Bradley C. Pinta for the plaintiff.
Michael L. Mineau and Nicholas J. Goodier for the defendant.
PINO, J. This appeal arises from a contractual dispute between the plaintiff, Orion Points West, Inc., d/b/a Express Employment Professionals ("Plaintiff"), and the defendant, FJM Enterprises, Inc., d/b/a Servpro of Weymouth ("Defendant"), through which the Plaintiff sought damages against the Defendant for breach of contract and violations of G.L. c. 93A.
Following a bench trial on January 23, 2019, the judge issued findings of fact and rulings of law on January 28, 2019, in which he found in favor of the Plaintiff on both the breach of contract and G.L. c. 93A claims. As a result, he awarded $30,395.13 in damages, plus attorney's fees in the amount of $9,587.50, resulting in a judgment against the Defendant in the amount of $43,492.63. [Note 3]
Factual background. The Plaintiff is a "full service staffing agency" through which it conducts three distinct types of service for its clients: (1) direct hire through which the Plaintiff refers and recommends candidates to companies to hire them directly; (2) temporary-to-permanent hiring through which the Plaintiff refers candidates to companies to work on a temporary basis and who, eventually, become full-time employees; and (3) temporary basis through which the Plaintiff refers candidates to companies to work on a temporary basis.

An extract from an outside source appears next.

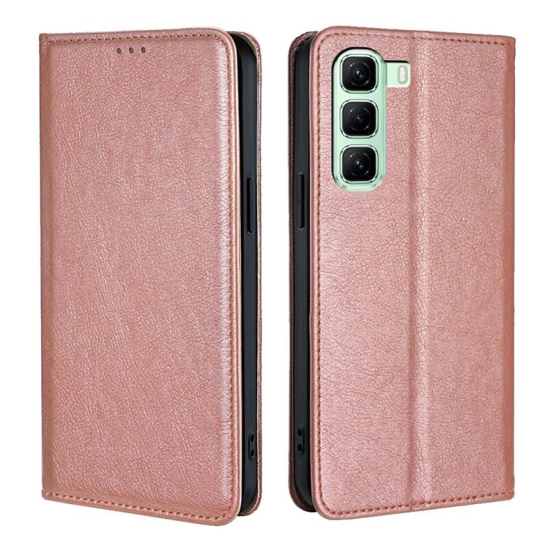 Για Infinix Hot 50 4G Gloss Oil Solid Color μαγνητική δερμάτινη θήκη τηλεφώνου (Rose Gold)

In order to fulfill the direct-hire function, the Plaintiff interviews and screens individuals and employs them as unpaid associates after which the Plaintiff refers and recommends those associates for permanent hire at other companies. The temporary-to-permanent and temporary-basis functions involve the Plaintiff hiring employees who, in turn, are temporarily placed with companies to provide them with services. Those services and compensation for them are contained in a "Staffing Agreement."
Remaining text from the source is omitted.